Some observations: If p is a prime, then $p^{n-1}$ has exactly n divisors. And if for example p, q, r are different primes, then $p^{n-1} q^{m-1} r^{j-1}$ has exactly n * m * j divisors.
And that's the only way we can find numbers with exactly n divisors: We write n as a product n = n1 * n2 * n3 ..., then find primes p1, p2, p3 and so on, and the product $p1^{n1-1} p2^{n2-1} p3^{n3-1} ...$ has exactly n divisors.
If we sort so that n1 ≥ n2 ≥ n3, then a product that is not in the form $2^{n1-1} 3^{n2-1} 5^{n3-1} ... $ can be made smaller while having the same number of divisors by using the primes 2, 3, 5 in that order. For example, if we start with $2^3 5^2$ then $2^3 3^2$ has the same number of divisors, but is smaller. Likewise, $3^3 2^2$ can be replaced with $2^3 3^2$ with the same number of divisors, bit smaller.
So the smallest number with n divisors has the form $2^{n1-1} 3^{n2-1} 5^{n3-1} ... $ with n1 ≥ n2 ≥ n3 ... and n = n1 * n2 * n3 ...
Now a number like n = 1000, or n = $10^{1000}$, can be written as a product in many ways, so you need to reduce the number of possibilities. You can use an algorithm where you try all possible exponents for 2 that could lead to the smallest number with n divisors, then all possible exponents for 3, and so on.
Let n = p1 * p2 * p3 ... * pk, with primes p1 ≥ p2 ≥ p3 ≥ ... ≥ pk. Whenever we choose an exponent, that exponent is either p - 1 where p is the largest prime not used so far, or it is of the form ab - 1 where b is the smallest prime factor of ab, and ab is greater than that largest prime. (That's quite obvious, right? It's a prime or composite minus 1, and since the exponents are in descending order, its the largest prime minus 1, or greater than that).
n was the product of k primes. Let P be the k-th prime. If an exponent is of the form ab-1, then P is not a factor of the number. And if we have a factor $p^{ab-1}$, then replacing this with $p^{a-1} P^{b-1}$ gives a number with the same number of factors, but smaller unless $p^a < P$.
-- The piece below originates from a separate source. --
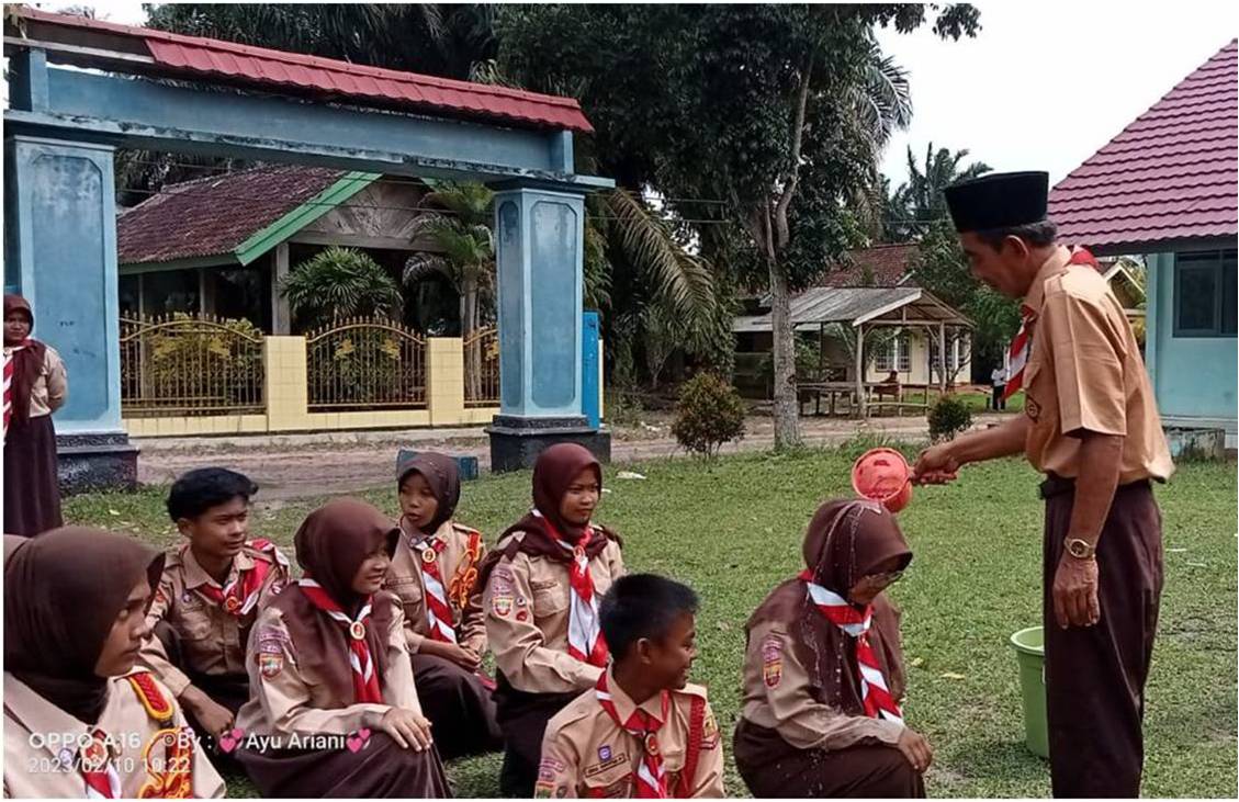 PRAMUKA.ID — Gugusdepan 16-041 dan 16-042 Pangkalan SMP Negeri 4 Teluk Gelam mengadakan kegiatan Pelantikan Kenaikan Tingkat dari Penggalang Ramu ke Rakit dan Rakit ke Terap, Jumat (10/02/2023).

This hugely reduces the number of choices. Take n = $2^{1000}$ which is the product of 2,000 primes. The k-th prime is very roughly P ≈ 20,000.
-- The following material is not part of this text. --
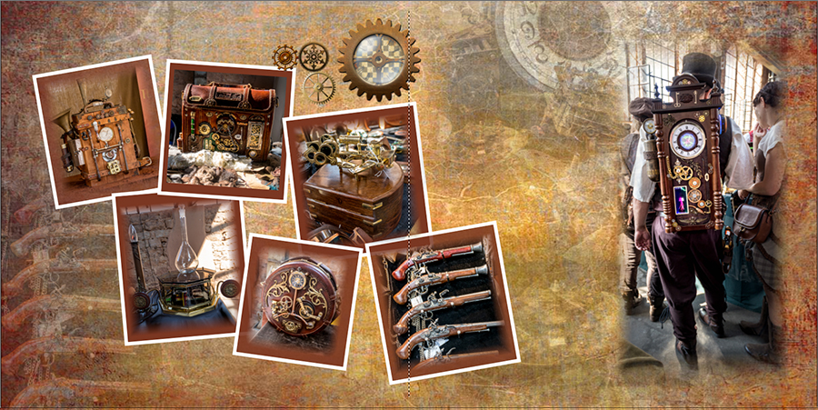 schön, von dir zu lesen. Deine Gestaltung passt super zum Steampunk. Ich würde auch gern mehr davon sehen, bitte Ich hätte noch einen Vorschlag für deinen dritten Screenshot: Leider verändern diese Büttenrahmen ja total die Form, wenn das Format nicht mehr passt. Wie fändest du es, die beiden Frauen in einen gemeinsamen quadratischen Rahmen in der Größe des rechten Bildes zu setzen. Vielleicht mit einem verbindenden einfarbigen, teiltransparenten Bild im Hintergrund. Das könnte ich mir ohnehin gut vorstellen bei den Fotos mit Maske im Rahmen, so wie bei deinem letzten Screenshot. Wenn du die Transparenz der Hintergrundbilder in der Fotoschau reduzierst, kannst du auch die Rahmen aus Masken und Rahmen drauf anwenden, ohne dass die selbst transparent werden. Ganz viel Spaß weiter mit deinen tollen Fotos. Liebe Grüße liebe Grüße
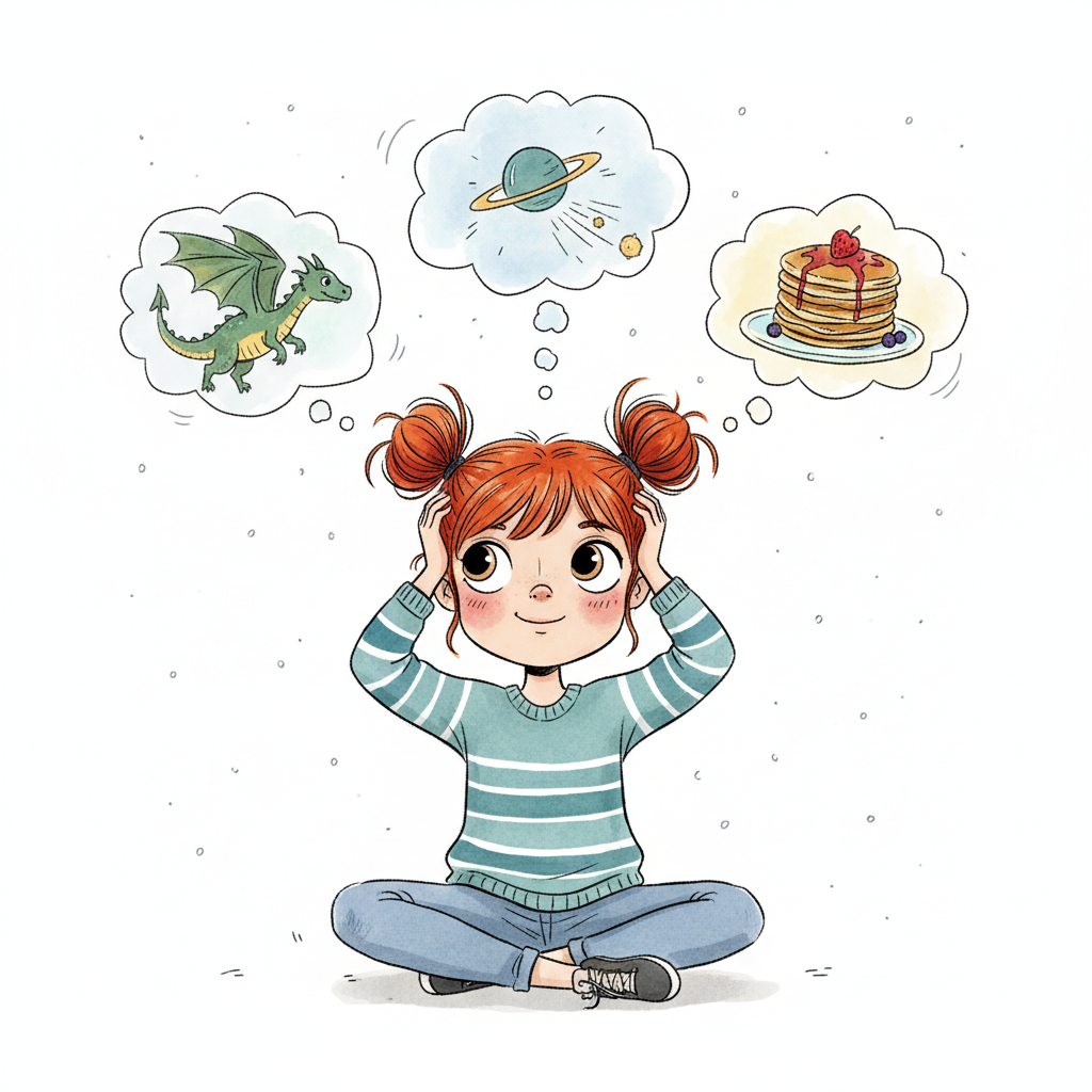 Fröhliches Mädchen mit roten Zöpfen träumt von Drachen, Planeten und Pfannkuchen.

We saw that the smallest number with n divisors can only have a factor $p^{ab-1}$ if $p^a < P$. We have $2^{15}≥P ≈ 20,000$, $3^{10} ≥ P$, $5^7≥P$, $7^6≥P$, $11^5≥$, and $13^4≥P$, so a ≤ 14 when p = 2, a ≤ 9 when p = 3, a ≤ 6 when P = 5, a ≤ 5 when P = 7, a ≤ 4 when P = 11, and a ≤ 3 when p ≥ 13. And we must have ab ≥ 5, b is the smallest prime factor of ab, and ab must only have prime factors 2 and 5.
As a result, the only composite exponents minus 1 that are possible in the smallest number with $10^{1000}$ divisors are: $2^{4*2-1}$, $2^{5*2 - 1}$, $2^{5*5 - 1}$, $2^{8*2-1}$, $2^{10*2 - 1}$, $3^{4*2-1}$, $3^{5*2 - 1}$, $3^{5*5 - 1}$, $3^{8*2-1}$, $5^{4*2-1}$, $5^{5*2-1}$, $5^{5*5-1}$, $7^{4*2-1}$, $7^{5*2-1}$, $7^{5*5-1}$, and $11^{4*2-1}$. This is followed by a huge number of factors $p^{5-1}$, finishing with a huge number of factors $p^{2-1}$.
Since the exponents have to be in non-decreasing order, there is only a small number of cases to try, even for a huge number like $n = 10^{1000}$.
PS. In your trivial examples, n = 4 = 2 * 2, the solution was $2^{2-1} 3^{2-1} = 6$, and with n = 6 = 3 * 2, the solution was $2^{3-1} 3^{2-1} = 12$.
PS. Assume you have a more moderately sized n, let's say an n that is the product of 10 primes, making P = 10th prime = 29. We have $2^5<29$, $3^3<29$, $5^2<29$, but $7^2 > 29$. Therefore the only possible factors with an exponent that is not a prime -1 are: $2^{4-1}$, $2^{9-1}$, $2^{6-1}$, $2^{8-1}$, $2^{10-1}$, $2^{25-1}$, $3^{4-1}$, $3^{9-1}$, $3^{6-1}$, and $5^{4-1}$.